I never thought that by playing the game I would be ''cheesing'', which is really a new ground to me: playing the content of a game in the order that seems the most appropriate is now cheesing. Gotcha.
Fair of you, I retract my spit-spewing rage.
I wonder what can be done to pace a game where you have a big city full of quests & lots of combat outside. Quests in the city do try to send you to remote locations, but I think many players like to vacuum up all content in an area before moving on, which is entirely fair.
BG1 does it well, the big city it at the end.
Fair of you, I retract my spit-spewing rage.
I wonder what can be done to pace a game where you have a big city full of quests & lots of combat outside. Quests in the city do try to send you to remote locations, but I think many players like to vacuum up all content in an area before moving on, which is entirely fair.
Again, I think the solution is systemic. E.g. if combat capacity progression wasn't so level-dependent, it would be totally OK to get a lot of XP in towns, and most of the reward could be gold or ship-oriented, while you'd still have to journey to dangerous dungeons to get the cool combat gear (which, by the way, is one thing Deadfire has very well - have cool and thematic items discovered in remote dungeons). Or even a game where you have combat & non-combat points given separately, and you earn the latter through noncombat quests, etc.

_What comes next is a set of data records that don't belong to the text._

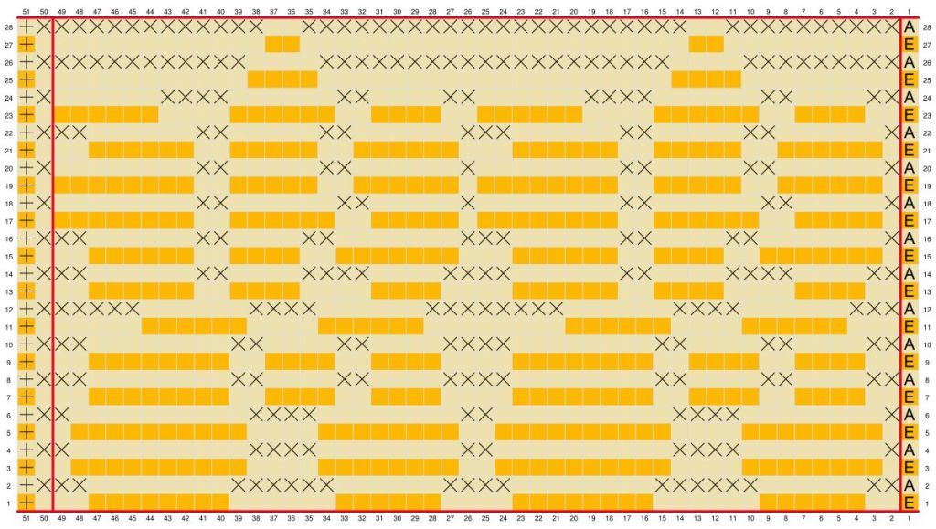 - The yarn colour changes with every row i.e. you ONLY use ONE colour per row – ignore any changes in colour of the chart squares, they simply show what the final design will look like. You will need to fo at the end of every row.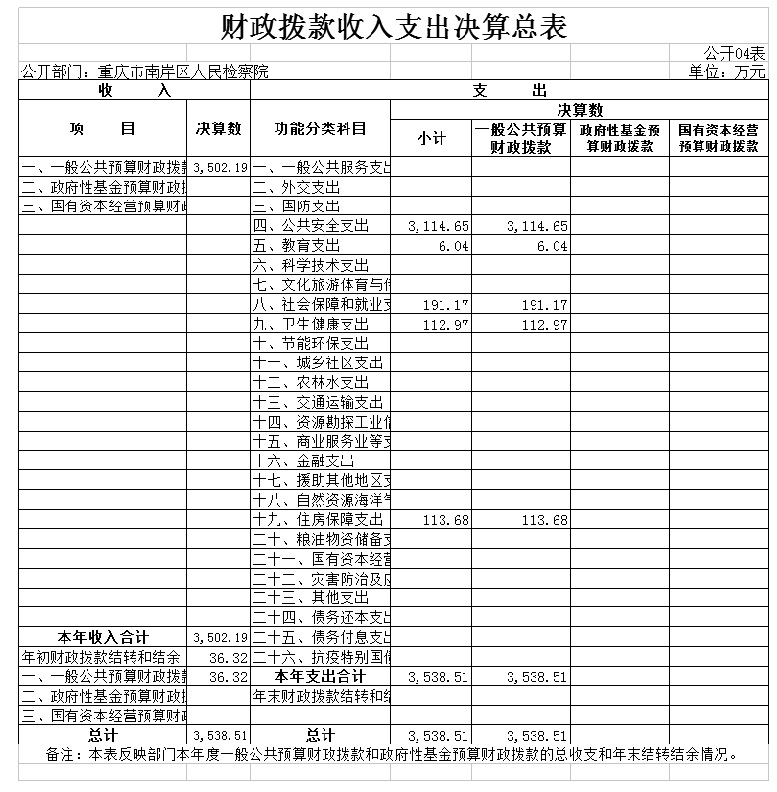 2020 年度财政拨款收、支总计3,538.51万元。与2019年相比,财政拨款收、支总计各减少498.11万 元,下降12.34%。主要原因是监察体制改革人员工资划转后收支减少。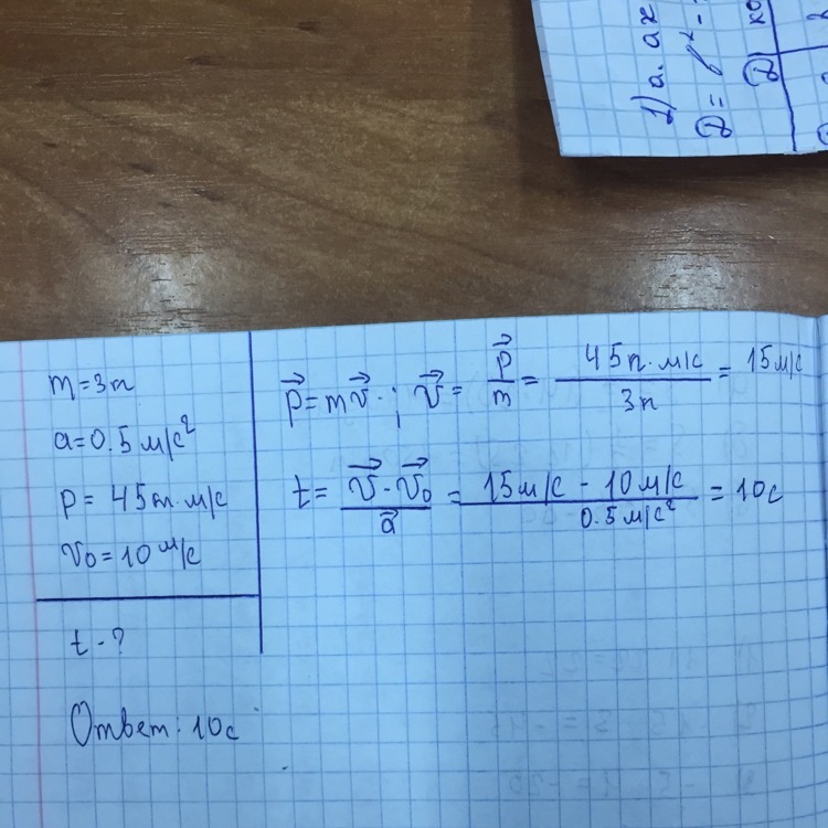 тело массой 3 кг движется равноускоренно с ускорением 0.5 м/с^2 ,в момент времени (время неизвестно) имеет импульс 45 (кг х м/с). Начальная скорость тела 10 м/с. Найдите t. Вектор начальной скорости тела и вектор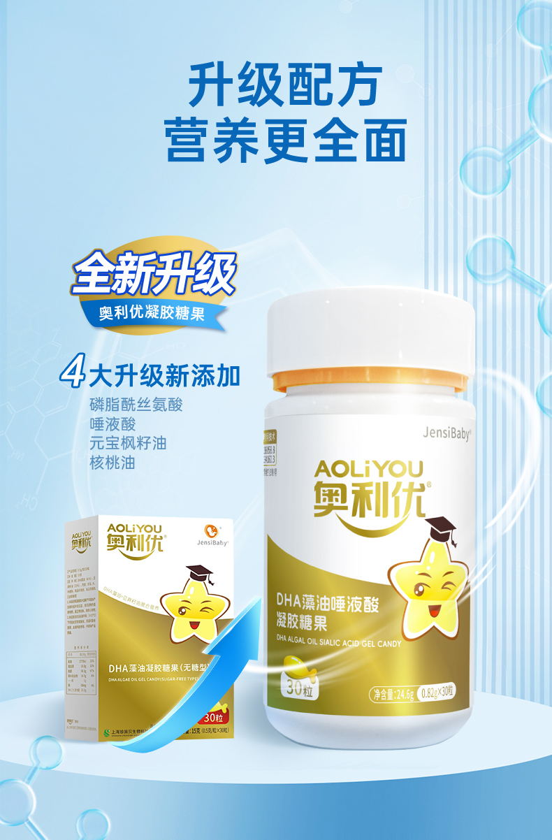 F005 奥利优升级强脑配方DHA唾液酸凝胶糖果孕妇胎儿婴童眼脑神经发育0.5g*30粒/盒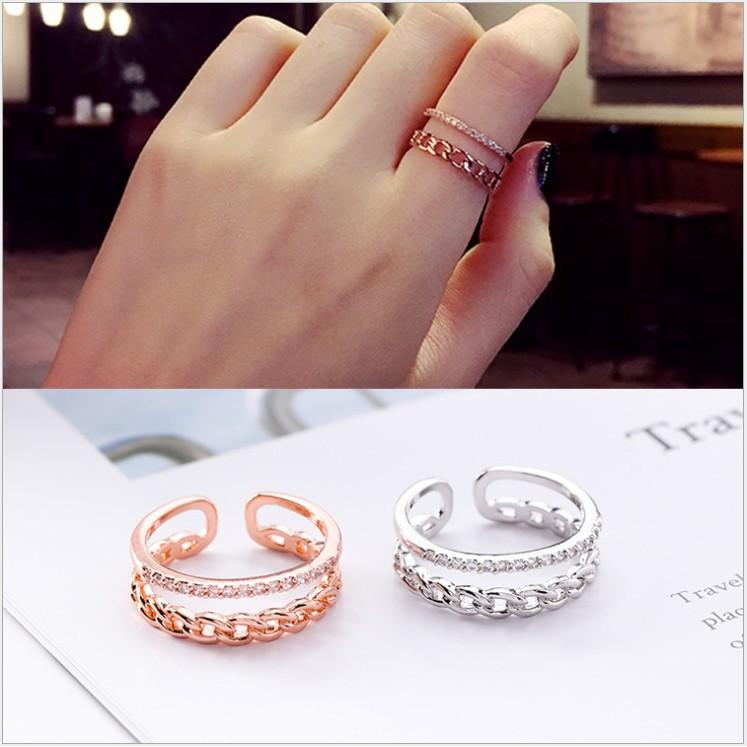 【Miss.情人節】日韓學生時尚開口麻花鏈條戒指 復古誇張潮人 微鑲鋯石個性女戒指指環 1026

BG1 does it well, the big city it at the end.
You make it so you reach max level in the city, and the challenges outside are not gated by level but encounter difficulty.
Deadfire does a lot to try and encourage you to explore, both by giving you quests in Neketaka that can only be done if you leave the city, and by tying a lot of triggers to advancing main quest, which again, requires you to leave the main city.
But if some people have a playstyle where they just methodically clear area after area, they will always just go back and continue cleaning, unless you force them not to. And that requires putting the game on rails. You can do it AoD style where the game is non-linear only within each act, but remaining content is blocked by plot-gates, or you can do it Wasteland 2 style with radiation zones, or you can do some various other shit.
But I think that with a seafaring game, it really had to be a no-compromise completely open, with no plot-gating, otherwise whatever the fuck is even a point of having a seafaring setting.
You make it so you reach max level in the city, and the challenges outside are not gated by level but encounter difficulty.